'''

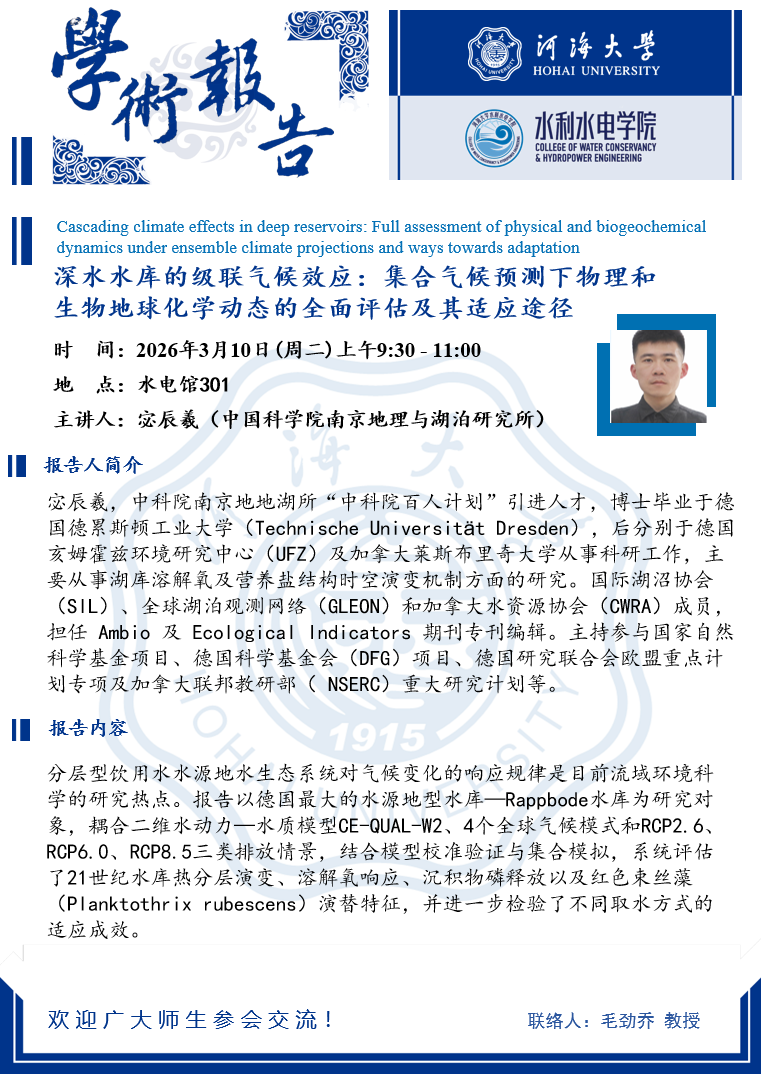 学术报告 | 深水水库的级联气候效应:集合气候预测下物理和 生物地球化学动态的全面评估及其适应途径
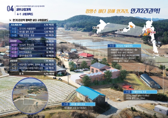 이에 도는 장명수바다품에 안기리마을 만들기’라는 비전 실현을 목표로, 2030년까지 △안기2리 어울림센터 신축 △바다품 쉼터조성 △마을 안전길 조성을 추진한다.
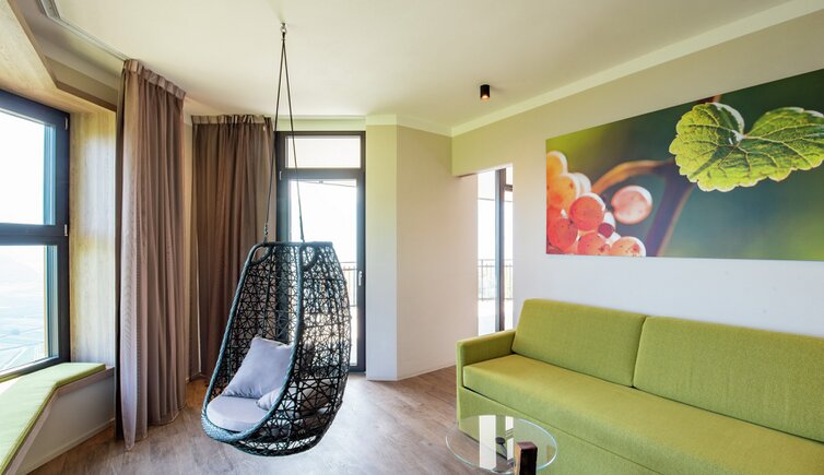 la posizione tranquilla tra i vigneti con vista mozzafiato sul Lago di Caldaro, i vigneti e frutteti che sembrano infiniti, le dolci colline, ampie vallate e villaggi da sogno.
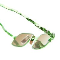Hammered metal finish lends itself to a rectangular shape, with edge. Fits a variety of face shapes and sizes.
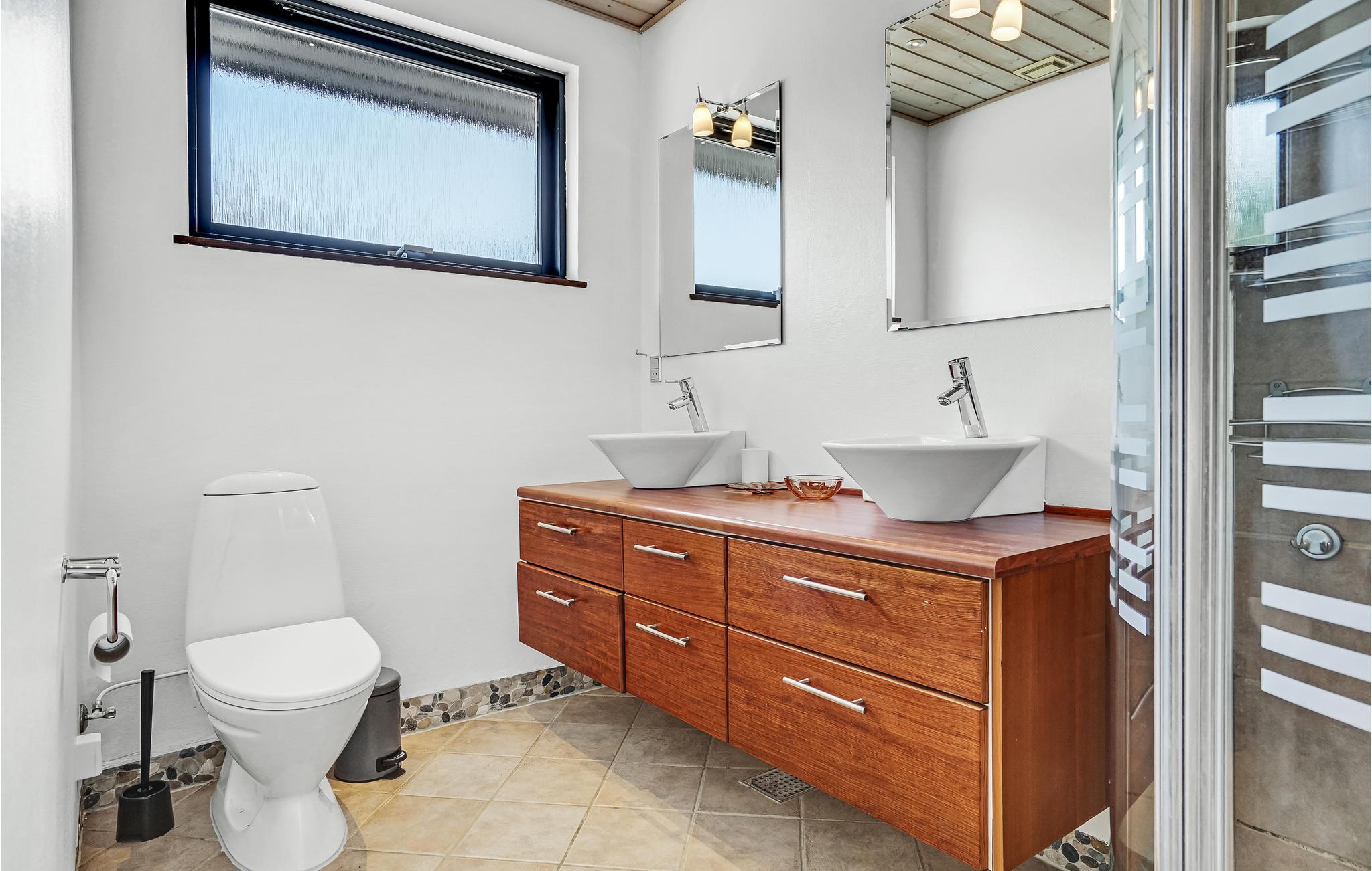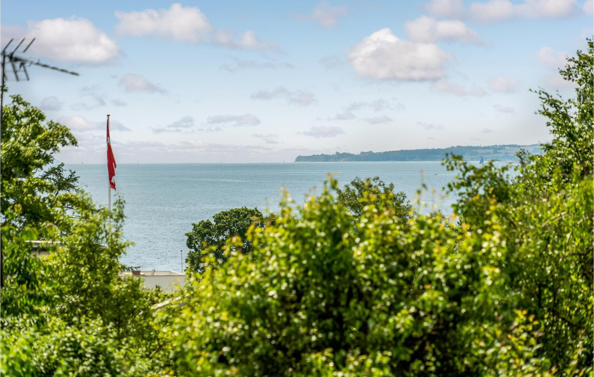 Großes Familienferienhaus mit Aktivitätsraum, Terrasse, finnischem Holzbad und Meerblick in Lyngsbæk Strand, Dänemark.
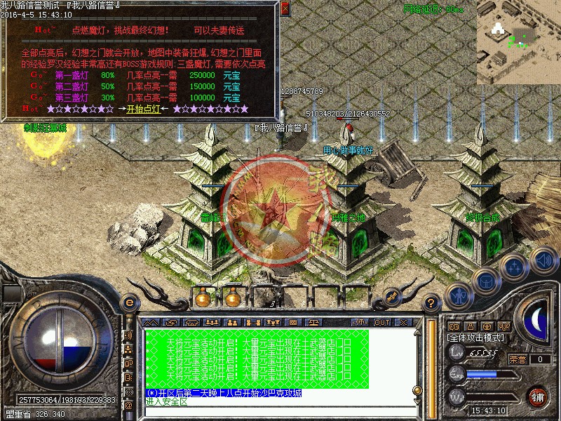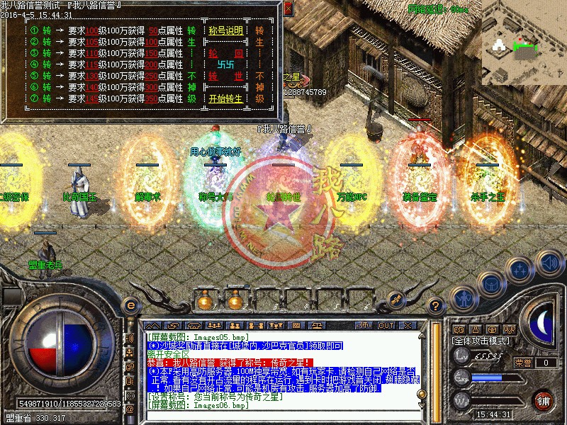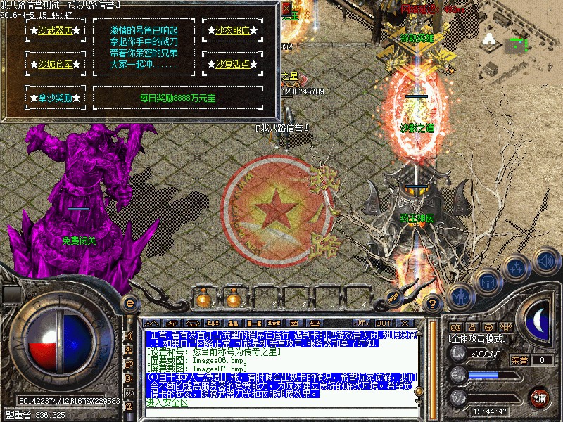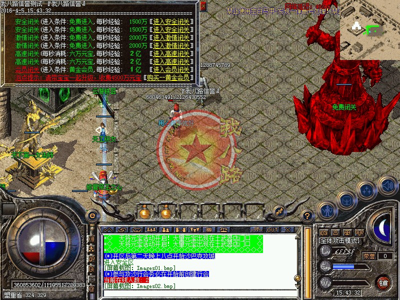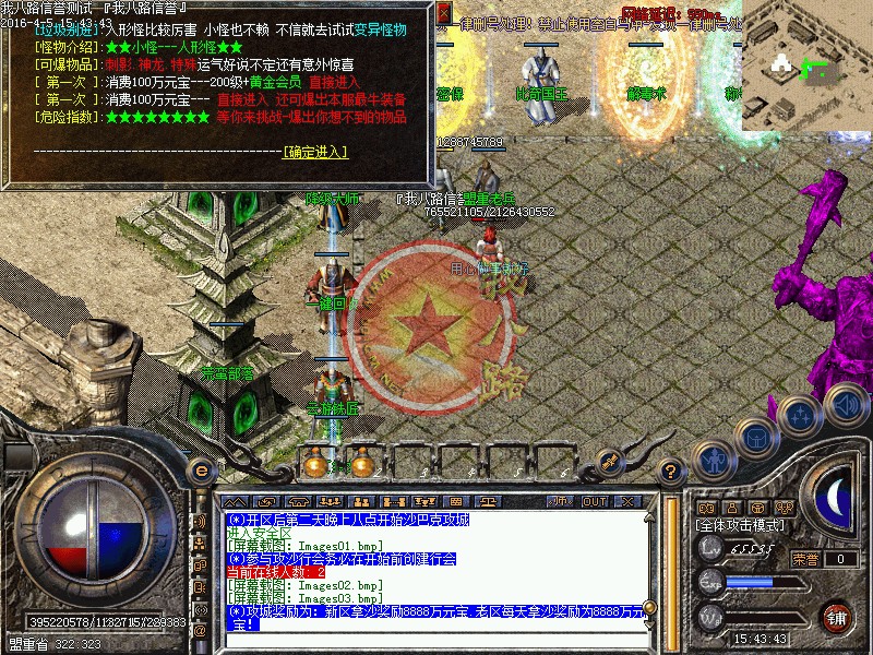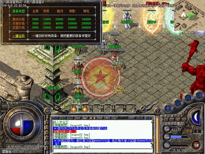 本传奇游戏合区后发现账户如果登录不上,请在账户后面加a.b.c...,如果是十位账户的请去掉最后一位然后加上a.b.c...,密码保持原来的不变,信誉传奇一条龙服务为了游戏质量,本服定期维护服务器!维护时间提前通知,到时请留意公告通知!维护期间为了保证玩家的利益,请玩家提前一分钟下线,不便之处,请多多谅解,谢谢合作!攻城奖励为:新区拿沙奖励8888万元宝.老区每天拿沙奖励为8888万元宝希望觉得卡的玩家,隐藏武器刀光和衣服翅膀效果。本F采用高防服务器.100M独享带宽.如有玩家卡.请检测自己网络是否正常.看有没有开占流量的程序在运行.遇到卡时把游戏音关闭.翅膀隐藏.!如果自己网络正常.可能是机房有攻击服务器加高了防御.。由于本F人气急剧上涨,有时候会出现卡的情况,希望玩家谅解,我们会不断的提高服务器的承受能力,为玩家建立良好的游戏环境。希望觉得卡的玩家,隐藏武器刀光和衣服翅膀效果。本服人人都能满级,皓月爆率高,在刺影地图,狐月地图,盛大新城都能打到,只要你花时间保证能带上刺影套!
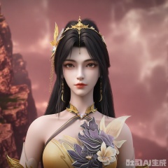 This image depicts a very fine character wearing a carefully crafted golden robe with intricate patterns and designs. The robe has floral patterns on its chest, and the flowing fabric extends into long, translucent sleeves. The character has long black hair and wears gold accessories including headdresses and earrings. The background is a striking red-brown sky with clouds floating and a huge rocky structure can be seen in the distance. The entire scene has a fantasy or mythological theme. The picture quality is very high, the resolution is very high, the characters are exquisite, and the scenes are empty

'''

▸ **TASK TO CARRY OUT**:
Omit every image. Quote each record exactly.

▸ **RESPONSE AREA**:
 学术报告 | 深水水库的级联气候效应:集合气候预测下物理和 生物地球化学动态的全面评估及其适应途径
 이에 도는 장명수바다품에 안기리마을 만들기’라는 비전 실현을 목표로, 2030년까지 △안기2리 어울림센터 신축 △바다품 쉼터조성 △마을 안전길 조성을 추진한다.
 la posizione tranquilla tra i vigneti con vista mozzafiato sul Lago di Caldaro, i vigneti e frutteti che sembrano infiniti, le dolci colline, ampie vallate e villaggi da sogno.
Hammered metal finish lends itself to a rectangular shape, with edge. Fits a variety of face shapes and sizes.
 Großes Familienferienhaus mit Aktivitätsraum, Terrasse, finnischem Holzbad und Meerblick in Lyngsbæk Strand, Dänemark.
 本传奇游戏合区后发现账户如果登录不上,请在账户后面加a.b.c...,如果是十位账户的请去掉最后一位然后加上a.b.c...,密码保持原来的不变,信誉传奇一条龙服务为了游戏质量,本服定期维护服务器!维护时间提前通知,到时请留意公告通知!维护期间为了保证玩家的利益,请玩家提前一分钟下线,不便之处,请多多谅解,谢谢合作!攻城奖励为:新区拿沙奖励8888万元宝.老区每天拿沙奖励为8888万元宝希望觉得卡的玩家,隐藏武器刀光和衣服翅膀效果。本F采用高防服务器.100M独享带宽.如有玩家卡.请检测自己网络是否正常.看有没有开占流量的程序在运行.遇到卡时把游戏音关闭.翅膀隐藏.!如果自己网络正常.可能是机房有攻击服务器加高了防御.。由于本F人气急剧上涨,有时候会出现卡的情况,希望玩家谅解,我们会不断的提高服务器的承受能力,为玩家建立良好的游戏环境。希望觉得卡的玩家,隐藏武器刀光和衣服翅膀效果。本服人人都能满级,皓月爆率高,在刺影地图,狐月地图,盛大新城都能打到,只要你花时间保证能带上刺影套!
 This image depicts a very fine character wearing a carefully crafted golden robe with intricate patterns and designs. The robe has floral patterns on its chest, and the flowing fabric extends into long, translucent sleeves. The character has long black hair and wears gold accessories including headdresses and earrings. The background is a striking red-brown sky with clouds floating and a huge rocky structure can be seen in the distance. The entire scene has a fantasy or mythological theme. The picture quality is very high, the resolution is very high, the characters are exquisite, and the scenes are empty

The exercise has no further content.